Review: Inside my Radio (Wii U)

Adventure Platformer Rhythm



Rule #1 – DON’T PLAY ON MUTE. That’s the very first thing you’re told as you start up Inside my Radio. It’s also the third point you’ll find when browsing the electronic manual. They’re serious about not turning down the sound in this game. Why’s that? Because you’re about to experience a rhythm-based game that’ll have you literally bopping to the music.


Slave to the music

There’s been plenty rhythm-based games on various formats, but there’s never been one quite as unique as this game. Inside my Radio tasks three characters (Boombox, Barry and Root) to make their way through the innards of a radio. What you have here is a rhythm-action platformer adventure title that borrows from Rez, Loco Roco and Super Meat Boy. Boombox brings the dubstep techno vibe, Barry follows that up with his glasses, cool hairstyle and house tunes and Root is your very stereotypical black guy who listens to reggae beats.

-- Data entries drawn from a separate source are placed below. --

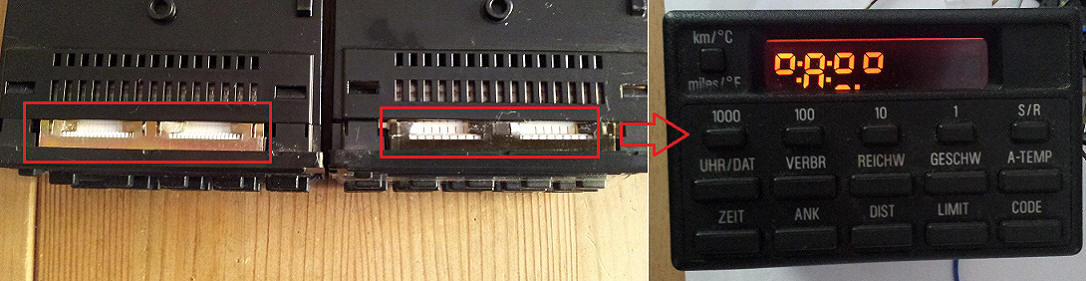 Ein Displaytausch ist möglich jedoch sollte man etwas Grundlegendes beachten da sonst die Anzeige nach dem Umbau nur noch wirre Zeichen anzeigt. Es gibt zwei unterschiedliche Varianten der BC-Anzeige und diese sind untereinander nicht kompatibel. Ein einfacher Blick auf die Oberseite reicht jedoch um den Unterschied zu erkennen - die Abstände der Kontakte sind anders.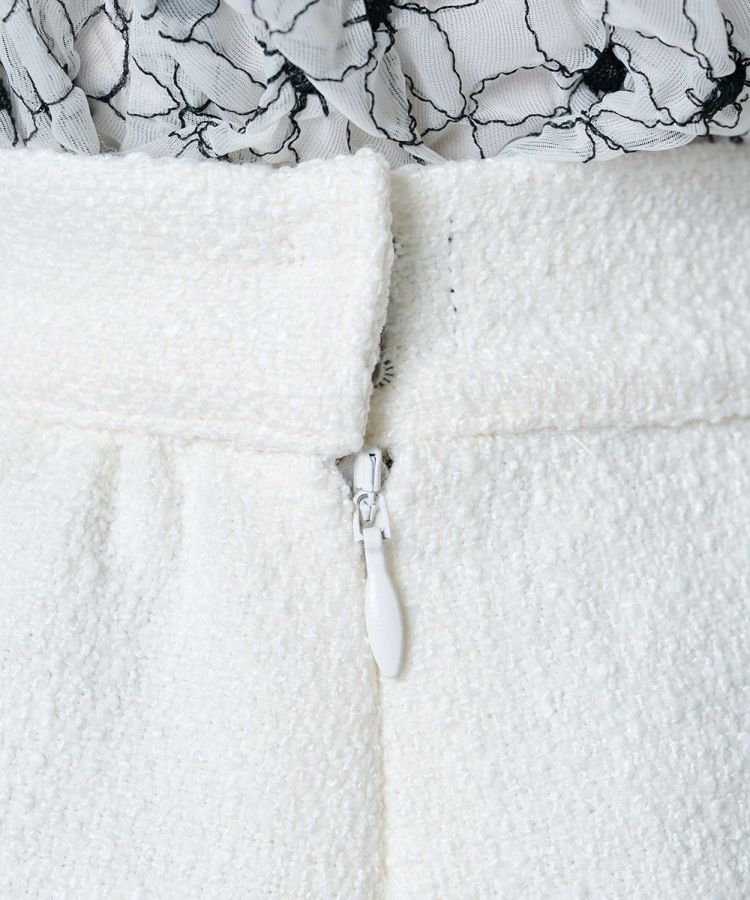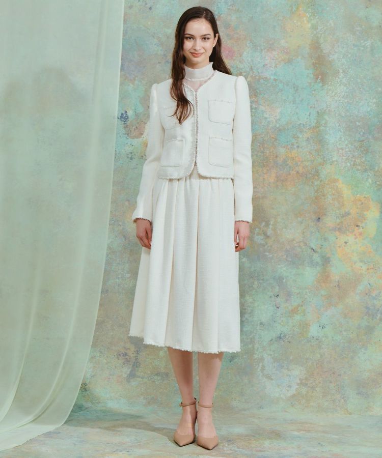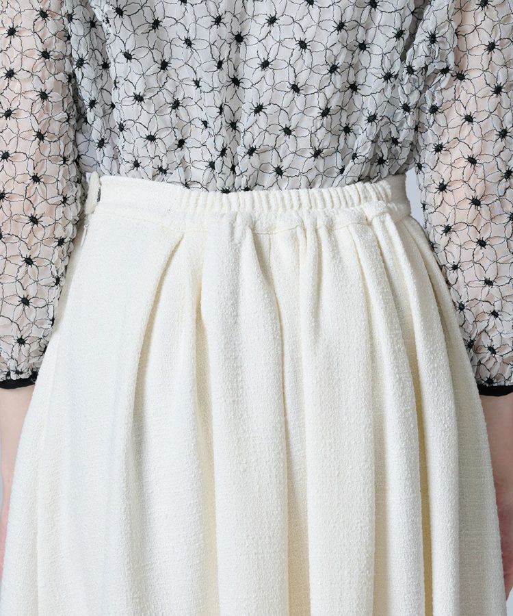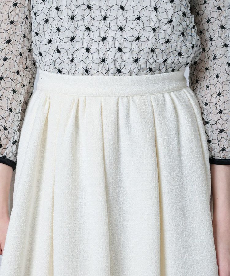 表情豊かなツイード素材を使用したスカート。程よいフレアシルエットが動くたびに美しく揺れ、エレガントな雰囲気を引き立てます。裾にはパールをあしらい、上品な華やかさをプラス。同素材のジャケット(型番:3805030261)と合わせれば、洗練されたセットアップスタイルが完成します。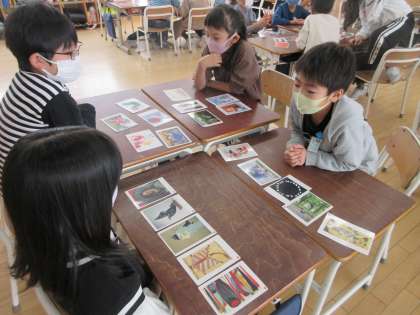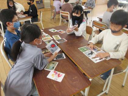 図画工作科の時間にアートカードを使って、様々な作品から感じることを伝え合いました。同じ作品でも、人によって感じ方が違うことに気づき、楽しく活動することができました。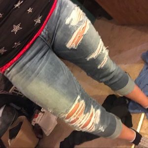 Dark wash & medium wash SUPER STRETCH distressed capri's, still like new, lost weight shortly after they were bought they haven't been worn in over 2 months and they're only 7 and a half months old!!! Stretchy material, super comfortable!! And very cute!!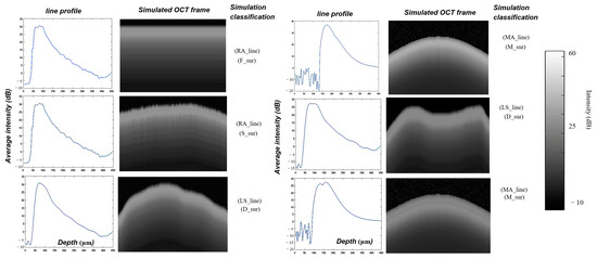 Examples of different simulated OCT line profiles and B-scans of demineralized enamel before adding extracted speckle noise for code validation. For A-scan simulation, (RA_line): real average A-scan; (LS_line): least-square-fit A-scan; and (MA_line): mathematical approach A-scan. For tooth surface curvature simulation, (F_sur): flat tooth surface; (S_sur): same surface as a selected real B-scan frame; (M_sur): mathematical equation surface; and (D_sur): freehand drawing surface.

Everything happens to the beat in a world made up of bright and abstract rhythm-like backdrops. Your characters can jump, walljump, double jump, dash and slam, but the trick here is that you can only do it to the beat. This requires you to be in time with the music at all times. Lose track of the tempo and you’ll miss time a jump or dash and fall to your death. Like Super Meat Boy you’ll instantly revive at a checkpoint and try again without having to wait for a loading screen. It’s one of those typical Indie titles you simply can’t put down. But it’s not all as simple as it seems.

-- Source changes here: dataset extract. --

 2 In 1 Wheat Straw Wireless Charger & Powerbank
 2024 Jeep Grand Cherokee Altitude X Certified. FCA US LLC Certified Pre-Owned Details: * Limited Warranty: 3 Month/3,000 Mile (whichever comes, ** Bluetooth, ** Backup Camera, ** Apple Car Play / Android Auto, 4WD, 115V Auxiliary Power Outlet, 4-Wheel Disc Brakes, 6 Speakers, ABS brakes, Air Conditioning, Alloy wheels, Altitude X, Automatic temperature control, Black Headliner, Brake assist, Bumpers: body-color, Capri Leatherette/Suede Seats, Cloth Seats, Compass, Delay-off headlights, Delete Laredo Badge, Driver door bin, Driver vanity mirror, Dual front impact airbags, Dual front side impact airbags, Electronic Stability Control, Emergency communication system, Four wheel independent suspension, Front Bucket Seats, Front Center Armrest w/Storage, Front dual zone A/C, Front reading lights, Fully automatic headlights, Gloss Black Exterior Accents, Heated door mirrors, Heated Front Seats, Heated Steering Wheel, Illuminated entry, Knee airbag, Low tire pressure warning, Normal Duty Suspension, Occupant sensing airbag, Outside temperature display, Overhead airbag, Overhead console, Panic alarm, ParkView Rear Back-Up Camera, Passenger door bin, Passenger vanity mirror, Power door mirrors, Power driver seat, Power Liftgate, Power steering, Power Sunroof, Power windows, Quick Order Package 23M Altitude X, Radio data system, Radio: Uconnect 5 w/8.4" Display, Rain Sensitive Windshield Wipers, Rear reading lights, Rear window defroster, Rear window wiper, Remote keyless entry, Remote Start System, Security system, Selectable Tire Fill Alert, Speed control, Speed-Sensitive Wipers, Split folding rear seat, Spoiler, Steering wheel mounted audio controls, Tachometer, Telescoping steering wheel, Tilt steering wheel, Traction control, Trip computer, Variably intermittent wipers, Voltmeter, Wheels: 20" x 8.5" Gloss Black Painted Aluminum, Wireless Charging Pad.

Push the volume to the max

Things can get rather tough. Combining a jump, followed by a dash (while keeping in tune with the tempo) is a lot harder than it sounds and at the end of the game you have a boss battle of note to contend with. You’ll also get to move platforms using the ZL and ZR shoulder buttons to confuse matters a bit more and tackle some basic puzzles. That said, at no point do you feel that it’s unmanageable. Should you have a rough time keeping up with the tempo you can tap the R button to display a rhythmic GUI help bar around your character so you never miss a beat. The real star of the show depends on your sound equipment at home though.

Throughout my experience I turned the volume close to max, as I was having the time of my life. Progress through the stage as Root (our reggae fella) and he’ll dash and slam cassette tapes into place, adding a new instrument to the beat every time he does so. It’s this simple form of progression through the use of sound that makes it such a joy to play. Combine it with good platforming and you have something that’s close to perfection. There is however a beat or two out of sync.


Inside my Radio is not a very long game and will last you just under four hours. Once completing it there’s not much to return to other than Time Attack or replaying some of the stages for fun via the Song Selection menu. There’s a good chance you’ll return to the game for a second playthrough as it’s just so enjoyable. Inside my Radio is a testament that Indie games have an important role to play in the games industry. It’s filled with love, psychedelic beats and if it was up to me I’d stay inside my radio all day long.


  • Fantastic Soundtrack | Jumping and dashing to the beat is a joy| Instant revive


  • Short game | Little to no replay value | Makes no use of the Gamepad features, other than remote play


If only you could be inside this radio a bit longer.


Gameplay - 8
Visuals - 7
Audio - 10
Gratification - 8
Value for money - 6

Married to a gamer and she kicks my ass at most shooters. If the game is enjoyable I’ll play it, no matter the format.

  • Delano

    I played Seaven’s other effort (Ethan Meteor Hunter) and loved it. This looks exactly like the game I’d love: techno music, platforming and a do-able play length.

    • I’d go as far as saying that this game was just about made for you.